Describir es nombrar. Y es acotar el mundo. A veces el mundo mide 45 metros en un departamento. A veces el mundo es un jardín extenso con árboles frutales. Qué hace eso en nosotros con relación al espacio, la vida interior, los conceptos que tenemos de las cosas. Ésas son las inquietudes que me planteo ante un libro-idea-cosa tangible color gris-claro-blanco degradado con cuadros negros como marcos que se repiten en la portada y, hasta abajo, casi como si se les hubiera olvidado, el nombre de la autora.
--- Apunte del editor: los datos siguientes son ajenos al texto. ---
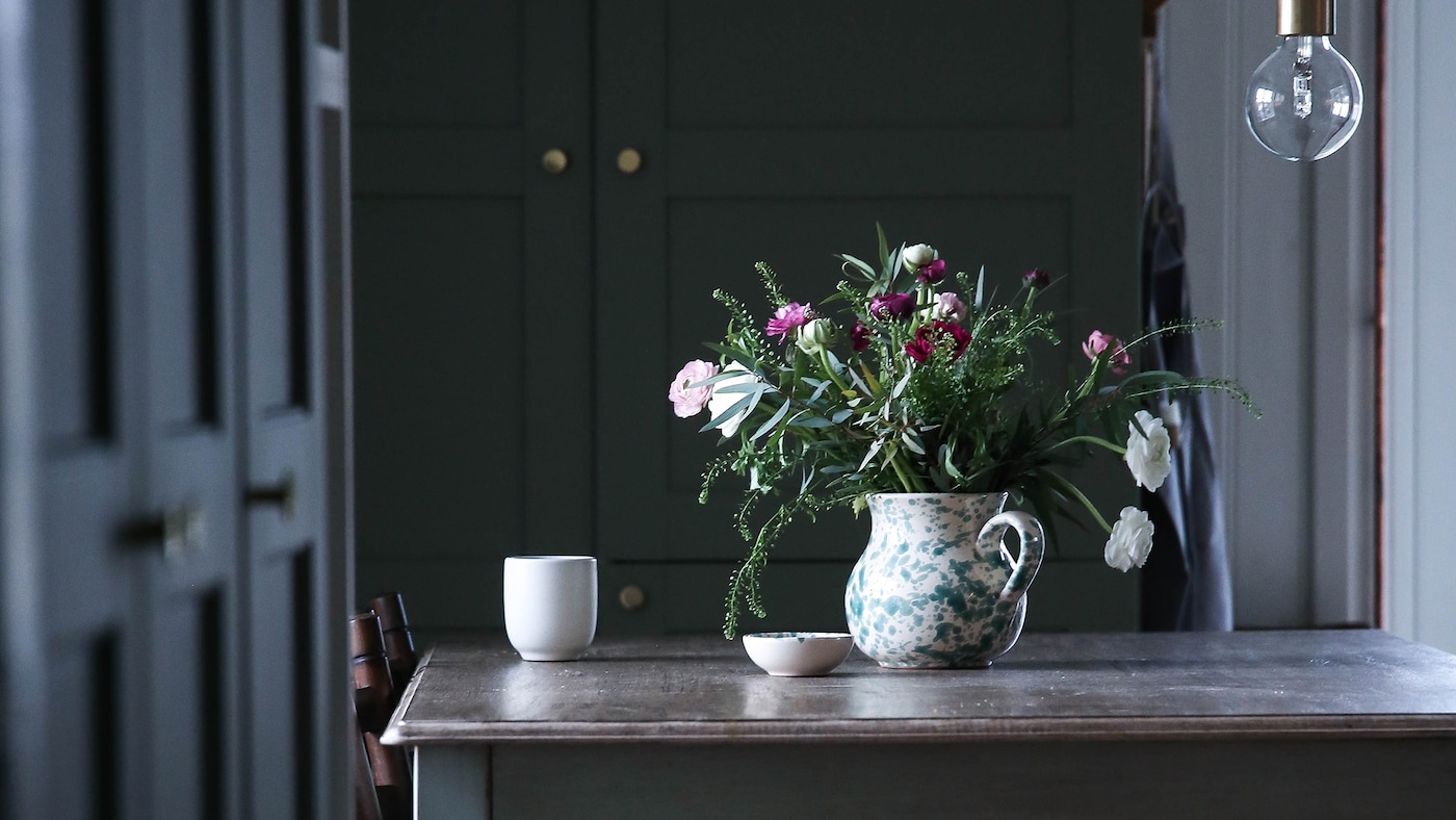 - Det viktigaste, för att det inte ska kännas plottrigt, är att alltid tänka på helheten. Ofta använder jag kulörer som ligger nära varandra i färgskalan och bryter sedan av med en eller två andra. Köksluckorna i köket och väggarna i sovrummet är målade i samma gröna kulör, men upplevs som olika beroende på glansskillnad och storleken på ytorna. Trots det så binder de ihop huset på ett fint och harmoniskt sätt.

Cerón tenía, desde siempre, quiero pensar, una curiosidad exclamativa, de niña nueva, de persona nueva o de extraterrestre, que es casi igual. Sus burbujas sonoras son un poco un reflejo de un planeta que existe en concordancia con lo que hay dentro de esa cabeza: serenidad, espera, ruido blanco, serenidad de nuevo, pasos que se oyen al final de un corredor, voces, árboles, todo y nada; lo abstracto y lo concreto, y una ligereza especial/espacial/hecha de pétalos/escamas de diente de león. Todo está hecho de partículas, todo, todo, todo. Porque el lenguaje, aun si no alcanza a nombrar, se esfuerza y se estira y llega a 45 grados, a 360 grados. Es inflamable, es etéreo, es algo que vuela de modo hermoso hasta que la escopeta acierta el tiro y el lenguaje cae, herido en algún bosque, y el perro corre y lo toma por el hocico, orgulloso el perro y el amo, y la escopeta cierta.
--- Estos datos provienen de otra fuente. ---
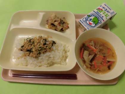 ・ごはん ・牛乳 ・鶏肉のゆず塩焼き ・ソーキ汁 ・ツナ大豆そぼろ です。
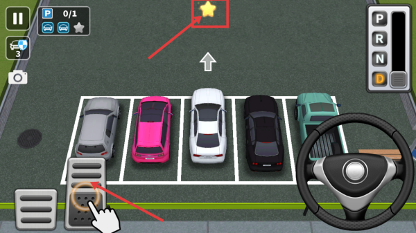 1、游戏中通过点击操作,按屏幕箭头指示方向移动车辆,合理规划移动路径,避免碰撞。
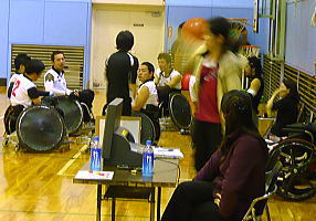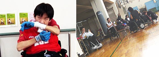 テーピングを巻く川下君と義塾メンバーの準備風景。

Lo que Cerón logra en Spectio es una deconstrucción de lo que se ve y lo que toca. Los que tienen oídos comprenderán que un libro también es un altavoz, un claxon, un arma, un cuerpo abierto. Un libro es deseo de penetrar y ser penetrado. Tocar al otro. Lamer al otro. Estar ahí, nada más, a veces ni siquiera tiene que decir algo. La comprensión está sobrevalorada y querer comunicar es algo sobrevalorado. La poesía es ese pajarito en la orilla de la playa, tímida pero terca, que quiere y no quiere mojarse.
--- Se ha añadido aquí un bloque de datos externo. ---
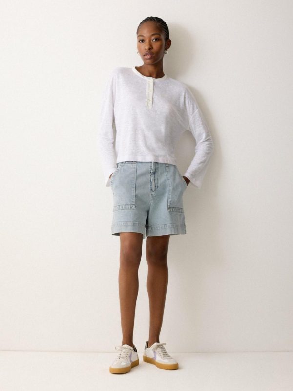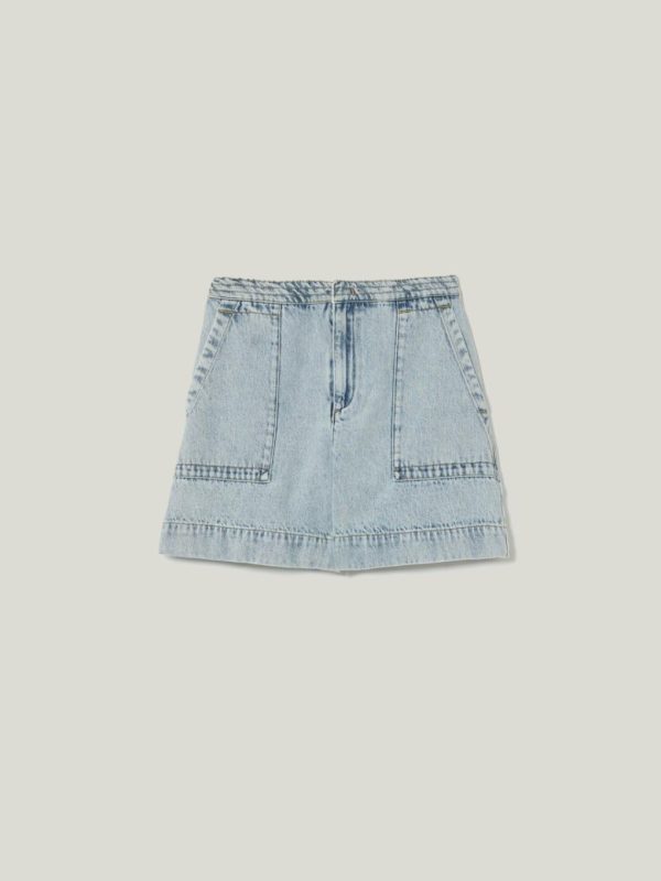 Women Jigsaw Denim | Denim Patch Pocket Short Light Blue Wash

El reto está en dejarse llevar. No querer entenderlo todo. Flotar, detenerse en algo, una imagen, una palabra. No entender. No “entrar” a lo que la mente reconoce o cree reconocer. Leer a Cerón es sentarse en la banca del museo y ponerse a mirar el cuadro sin verlo por completo, concentrarse en un color, en un tono de luz, no en el cuadro entero porque el ojo no atina a abarcarlo. Medimos las cosas con los ojos, las manos. Cerón insiste: va más allá. Oye, camina, no pienses, oye de nuevo, regresa; la mente debe ser algo que se sumerja en la alberca sin saber nadar.